### WORK TO COMPLETE
Starting at the line with "STAINLESS STEEL BRACELET" and going on through the line with "振り子のおもりを一度動かすと", reproduce each line in the records below exactly and nothing more.

### LISTED RECORDS
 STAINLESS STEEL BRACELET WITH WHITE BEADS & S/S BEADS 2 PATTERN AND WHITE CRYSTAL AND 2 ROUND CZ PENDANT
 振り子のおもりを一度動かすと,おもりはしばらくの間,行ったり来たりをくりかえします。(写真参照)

---

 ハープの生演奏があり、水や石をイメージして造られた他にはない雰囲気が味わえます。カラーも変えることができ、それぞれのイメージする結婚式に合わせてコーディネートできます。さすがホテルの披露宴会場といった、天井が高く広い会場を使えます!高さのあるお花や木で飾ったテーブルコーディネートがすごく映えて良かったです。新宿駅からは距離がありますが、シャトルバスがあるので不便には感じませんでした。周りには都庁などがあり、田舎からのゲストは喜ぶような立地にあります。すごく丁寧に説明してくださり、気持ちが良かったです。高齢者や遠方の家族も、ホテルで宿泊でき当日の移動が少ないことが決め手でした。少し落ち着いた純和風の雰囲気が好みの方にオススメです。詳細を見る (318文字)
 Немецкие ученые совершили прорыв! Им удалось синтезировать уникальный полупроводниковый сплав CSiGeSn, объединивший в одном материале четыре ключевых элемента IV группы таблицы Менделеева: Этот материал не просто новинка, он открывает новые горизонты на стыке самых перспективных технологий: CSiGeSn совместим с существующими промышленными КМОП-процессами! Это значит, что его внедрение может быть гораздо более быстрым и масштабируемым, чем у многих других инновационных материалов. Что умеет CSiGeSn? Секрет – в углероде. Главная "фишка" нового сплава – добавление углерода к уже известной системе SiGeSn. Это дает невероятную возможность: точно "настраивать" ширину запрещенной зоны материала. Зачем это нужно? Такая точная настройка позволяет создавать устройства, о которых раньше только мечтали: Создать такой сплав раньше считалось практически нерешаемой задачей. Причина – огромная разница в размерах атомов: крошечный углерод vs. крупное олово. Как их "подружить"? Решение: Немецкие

---

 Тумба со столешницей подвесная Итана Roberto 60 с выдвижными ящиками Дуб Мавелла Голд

### ANSWER FOR THIS EXERCISE
 STAINLESS STEEL BRACELET WITH WHITE BEADS & S/S BEADS 2 PATTERN AND WHITE CRYSTAL AND 2 ROUND CZ PENDANT
 振り子のおもりを一度動かすと,おもりはしばらくの間,行ったり来たりをくりかえします。(写真参照)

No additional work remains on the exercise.